In the wake of financial crisis and recession, we did see a significant rethinking of shareholder value model. Critics of shareholder value voiced their arguments against shareholder value, blaming the model for encouraging reckless risk-taking and speculative behaviors that sank down the economy. Even some of the shareholder proponents and Wall Street investors chimed that perhaps the focus on shareholder value went too far. Relatedly, the past several years witnessed a surge of all kinds of alternative business models—stakeholder management, corporate social responsibility (CSR), sustainability, and so on. While this has a significant momentum to undermine hegemony of shareholder value model, I think two things remain the same: first, shareholder value principle is still predominant over any alternatives, and second, CEOs are savvy managers who are skillful at steering shareholder-value bandwagon. This is seemingly a paradox because shareholder power over management is ever more increasing, as evidenced by frequent activism by large shareholder groups, while CEOs still remain such powerful elites. I think the CEOs’ persistent power does in part come from their allegiance to shareholders. In my opinion, in many cases this is an allegiance in name only. CEOs often signal their loyalty to shareholders, but this is often more strategic and symbolic rather than substantive. Rather than undermining CEOs’ power, their allegiance to shareholders often justifies and institutionalizes their continued influence.

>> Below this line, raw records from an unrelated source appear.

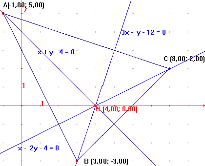 Ahora lo comprobamos con Geogebra, dibuja la intersección de las alturas, halla sus coordenadas y obtendrás:
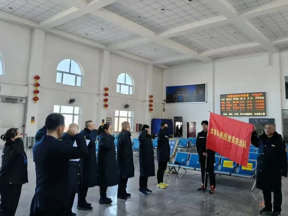 岚县站全体客运人员庄严宣誓,铿锵誓言彰显春运攻坚的坚定决心。全力护航铁路春运出行路,倾心铺就乘客旅途幸福轨。
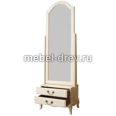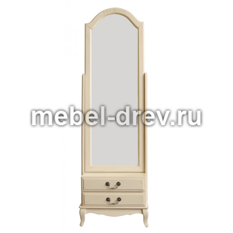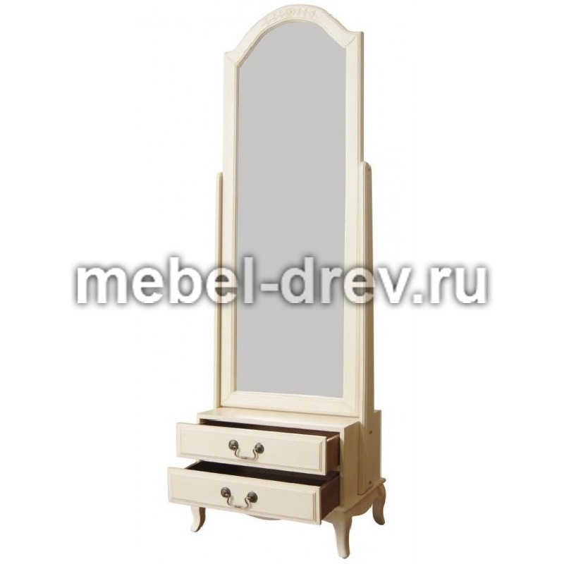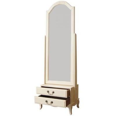 Изысканное напольное зеркало в стиле Прованс из коллекции Leontina/Леонтина. Сделано из массива березы, с двумя выдвижными ящиками для мелочей.

You employ quantitative methods in much of your research on executive compensation. In what ways might experimental, qualitative or mixed-methods research designs build upon your findings?
I do enjoy reading studies that use methods other than quantitative methods, and more often than not I learn something important and innovative from those studies. I think my work reflects those insights, but I do hope to use those methods more directly in my future research. In the literature about corporate governance and executive managers, it is challenging to use qualitative methods such as interviews and participant observations because of the difficulties in gaining an access. Top managers, boards of directors, and big investors are often very exclusive about who they interact with. However, getting an access isn’t entirely impossible, and recently there have been some innovative efforts, for example through executive training programs at business schools.
Your experience spans across sociology departments and business schools. What synergies and disconnects have you observed between these two settings?
Through serendipity, I stumbled into professional schools after getting a Ph.D. in sociology. At a personal level, it has been a great learning experience to get exposed to different perspectives, and I have been able to focus more on the empirical context of my research: corporate governance and executive compensation. It also gave me an opportunity to be self-reflective about my own scholarly identity: what does it mean to be a sociologist? How is sociology different from any other disciplines? Some of these thoughts would have never occurred to me had I stayed within sociology departments. In my brief experience so far, I’ve seen many great scholars in business schools whose work is essentially sociological. To my surprise, many of them do not call themselves sociologists, and their work is not always well recognized by other sociologists. On the other hand, some excellent sociological work by sociologists is not very well recognized by business school scholars. I found that the boundary between the two settings is more porous and fluid than I had thought. The disconnects between the two are probably not entirely based on substantive distinctions in terms of contents of work but also on institutional and cultural differences on many levels.